ALLEN PARK, Mich. -- Manny Ramirez still has his house in Canton, Michigan, even though he said he hasn’t been back since he left the Detroit Lions in 2010. He still has his church there. He has friends there.
When he received the call he would be traded from Denver to Detroit on Thursday night, this at least gave him some comfort on what had already been a difficult day.
“The transition won’t be as hard as it would be if it was a new city,” Ramirez said Friday. “That’s a huge plus. To be able to say that I have gotten my second chance with the team where it started, I am very grateful for that.”
He’s grateful, too, because it made part of what had already been a very difficult day a little bit easier. Earlier Thursday, Ramirez found out that his wife Iris’ grandfather, Armando Deleon, died in Texas following complications from surgery. Deleon had been on a ventilator, so the family decided to let him go in peace.
Ramirez never had a grandfather growing up, so he looked at Deleon as his own as well. He said he won’t be able to make it back to Texas for the funeral, either.
“I want to be there, but I think I’d only get in the way,” Ramirez said. “It hurts that he’s gone now. But it’s just a part of it, I guess. I think he’s in a better place. I’ve definitely been praying for him. He’ll always be my grandfather.”
It started a day where Ramirez and his family had their entire lives change again.

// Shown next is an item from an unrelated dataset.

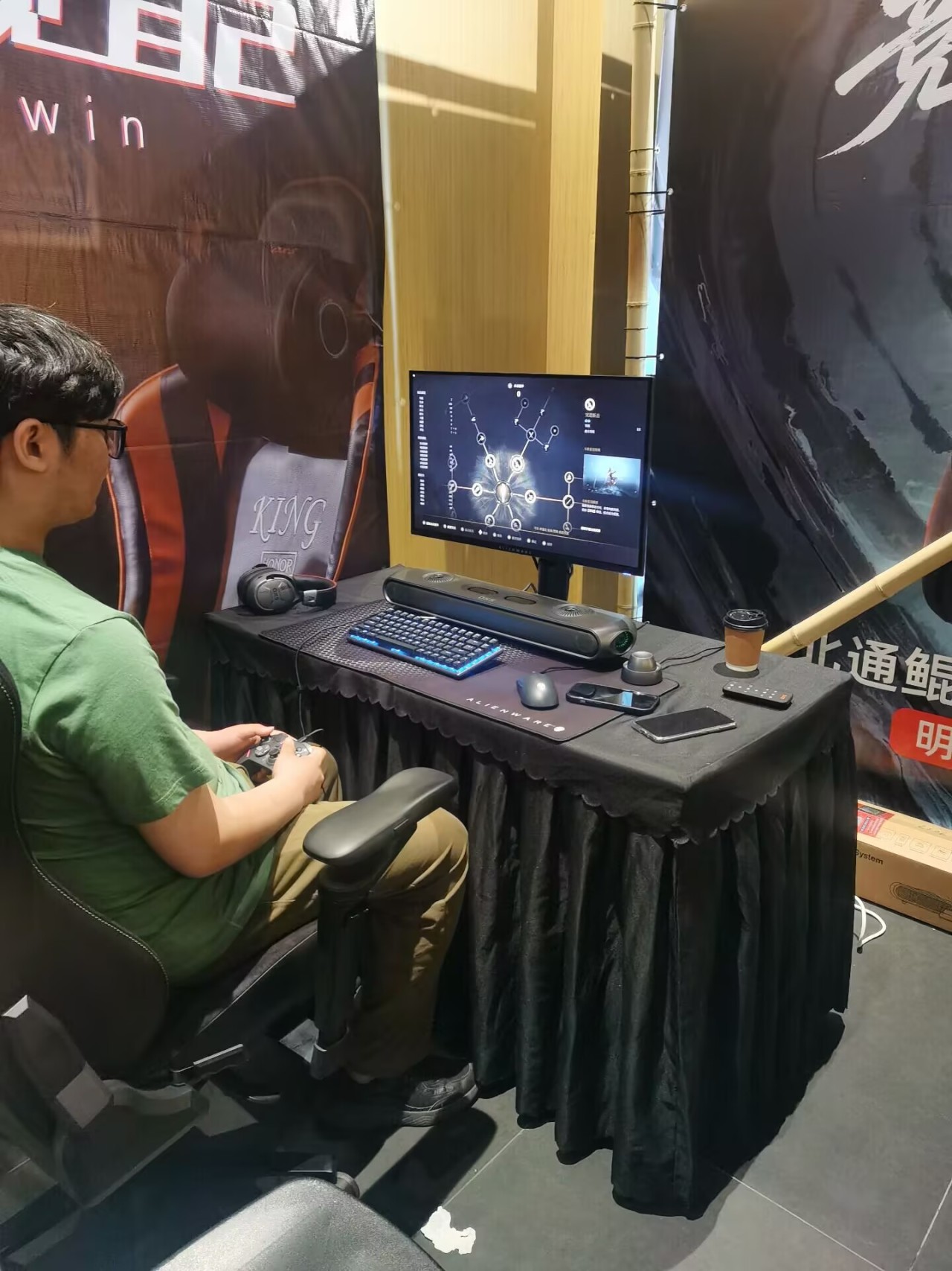 另一方面明末的商业价值实打实的得到了资本的认可,明末线下试玩会可谓是笔者有记忆以来最豪华的没有之一,这不仅仅是因为成都是夏老师的老家,牌面肯定要到位。最重要的因素来自于赞助,本次参与试玩的玩家都获得了来自北通的鲲鹏40联名手柄,OXS傲希 Storm G2头戴式电竞耳机以及其它丰富的小礼品周边(具体参考P3.4.5)。而在试玩会中使用的电脑设备则是由外星人提供。

Ramirez said he wasn’t expecting it at all and it “threw everything in a spin for us.”
The day also brought back a lot of memories for Ramirez, who was released by the Lions on Oct. 5, 2010. He didn’t play for Denver until 2011 -- and then made the playoffs every year with the Broncos. When the Lions cut Ramirez, it changed him as a person. It made him mature. It strengthened his relationship with his wife.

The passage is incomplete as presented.